▸ **Problem**:
For each line below that holds "with", return the line as it stands.

▸ **Material provided**:
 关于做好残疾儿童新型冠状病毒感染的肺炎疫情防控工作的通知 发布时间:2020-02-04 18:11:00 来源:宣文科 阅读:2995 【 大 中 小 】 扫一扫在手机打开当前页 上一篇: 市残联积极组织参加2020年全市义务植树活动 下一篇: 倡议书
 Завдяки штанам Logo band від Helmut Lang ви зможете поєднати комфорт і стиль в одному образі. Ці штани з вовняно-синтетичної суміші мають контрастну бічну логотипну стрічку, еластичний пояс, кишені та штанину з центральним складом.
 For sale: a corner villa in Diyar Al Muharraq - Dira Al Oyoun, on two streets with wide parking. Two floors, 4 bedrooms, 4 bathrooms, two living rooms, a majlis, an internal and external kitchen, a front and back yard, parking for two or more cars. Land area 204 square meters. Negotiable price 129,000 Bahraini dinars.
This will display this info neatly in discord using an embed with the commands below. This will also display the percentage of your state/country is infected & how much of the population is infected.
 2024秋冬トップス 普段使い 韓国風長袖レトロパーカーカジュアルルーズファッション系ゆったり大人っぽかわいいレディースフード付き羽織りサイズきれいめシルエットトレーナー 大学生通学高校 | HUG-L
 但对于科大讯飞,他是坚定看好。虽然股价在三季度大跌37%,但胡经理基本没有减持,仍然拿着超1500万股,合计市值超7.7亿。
==
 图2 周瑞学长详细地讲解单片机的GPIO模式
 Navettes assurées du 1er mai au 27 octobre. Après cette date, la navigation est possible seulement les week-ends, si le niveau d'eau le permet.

▸ **Exercise result**:
 For sale: a corner villa in Diyar Al Muharraq - Dira Al Oyoun, on two streets with wide parking. Two floors, 4 bedrooms, 4 bathrooms, two living rooms, a majlis, an internal and external kitchen, a front and back yard, parking for two or more cars. Land area 204 square meters. Negotiable price 129,000 Bahraini dinars.
This will display this info neatly in discord using an embed with the commands below. This will also display the percentage of your state/country is infected & how much of the population is infected.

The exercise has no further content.